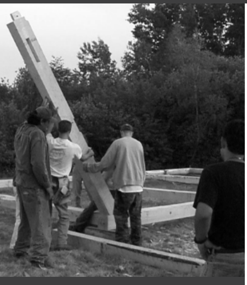
The beams of Rice Hall were fashioned as part of a community timber framing class led by Tim Beal in the early 2000s and the frame was raised in April 2004.

To resolve this, we are making some shortterm improvements to our campus to enhance wheelchair accessibility for Rice Hall, the Commons, and the Heartwood Lodge, but more substantial improvements are needed to ensure easy year-round access to all buildings and improved access to outdoor spaces such as the bandstand.
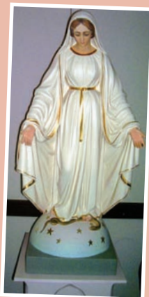
Blessed Mother statue given to the sisters by Civil War soldiers
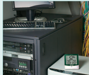
Alerts low Humidity levels in Computer rooms to help prevent electrostatic conditions.
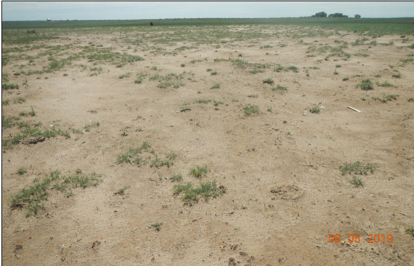
Photo 4. Facing southeast toward the location. Vegetation has not established and there are signs of wind erosion.
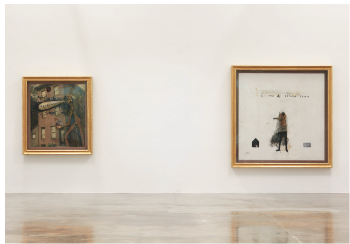
David Lynch, I Was A Teenage Insect , 2018 (installation view).

When film grinds to a halt, you have photography—but painting comes just as close to the prosody of all those stalled sports cars, hermetic and inert—the way David Lynch might paint them as black cartoons. "Sally's in the Kitchen," reads one of Lynch's 2013 drawings. Sally isn't pictured. Instead, a plane strafes the ground (emitting bullets, or punctuation, or turds), a man throws up his hands, and the hood of a vintage car erupts in smoke. In Sally Has 2 Heads (2013), it's true: a ragdoll rendering of a girl in a red dress has, capping her sloping left arm, a girl's head, and, on her proper neck, the muddy face of a German shepherd, labeled "Dog head." The only other marks on the paper, towards the bottom, describe a row of three cars—green coupe, yellow convertible, black pickup truck—all styled with the languid lines of the 1950s. Their immobility denies the caption: "cars drive by."
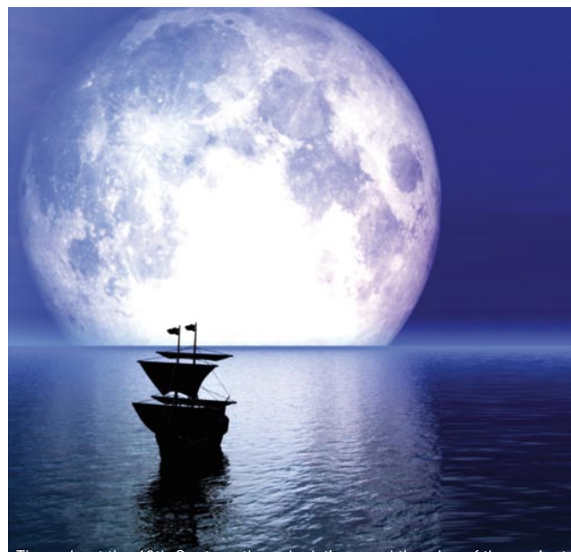
Throughout the 16th Century, the calculations and theories of the ancient Greek and Egyptian mathematicians and astronomers served as the basis of cosmology, even as new discoveries undermined time-honoured assumptions.[...] To reach his goal, Magellan would have to master both a great Ocean Sea and a sea of ignorance. [...] His sophisticated approach to navigating uncharted waters went far beyond technical ability in boat handling and direction finding; it revealed an ability to deploy novel tactics to overcome one of the great challenges of the Age of Discovery: namely, how to guide a fleet of ships through hundreds of miles of unmapped archipelagos in rough waters." Laurence Bergreen, Over the Edge of the World – Magellan's Terrifying Circumnavigation of the Globe, 2004

Boyd's central point was that the decision cycle is the central mechanism enabling adaptation (apart from natural selection) and is therefore critical to survival. OODA uses discipline to drive learning, adaptation and innovation, forcing decision-makers to consider the real strategic challenges, not the old assumptions. Again, for this new pattern to emerge, leaders must fully accept that now the quintessence of their responsibility is to map new routes through unknown stormy territories. This will require solid, innovative
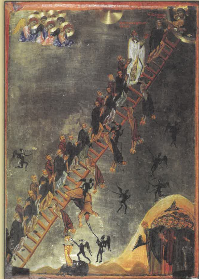
Icon of the Ladder of Divine Ascent
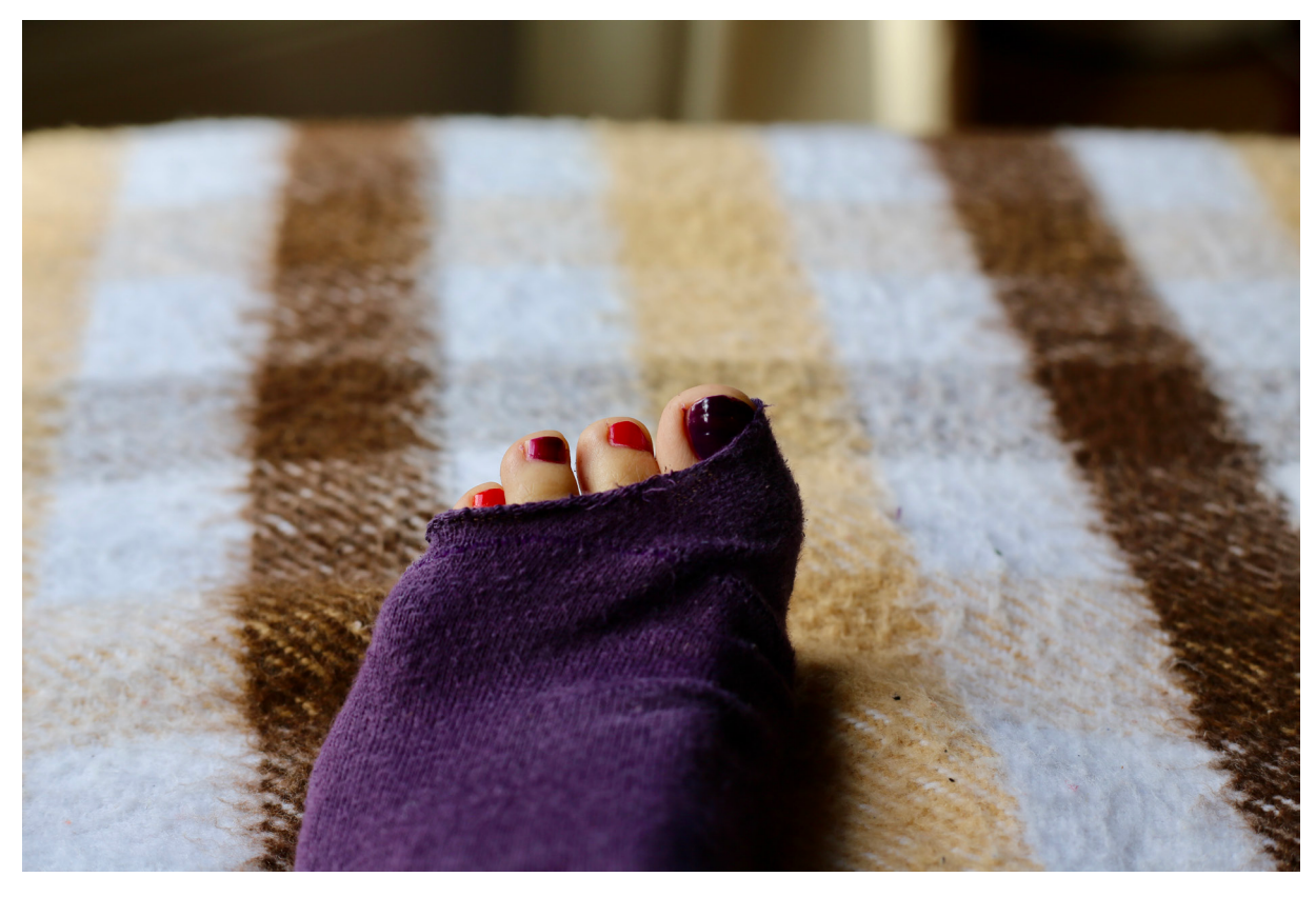
Figure 2. Joyful neglect or painted toenails in ripped sock

####################

What is needed: Go through the data and gather every line that holds "Rice".

Completed exercise:
The beams of Rice Hall were fashioned as part of a community timber framing class led by Tim Beal in the early 2000s and the frame was raised in April 2004.
To resolve this, we are making some shortterm improvements to our campus to enhance wheelchair accessibility for Rice Hall, the Commons, and the Heartwood Lodge, but more substantial improvements are needed to ensure easy year-round access to all buildings and improved access to outdoor spaces such as the bandstand.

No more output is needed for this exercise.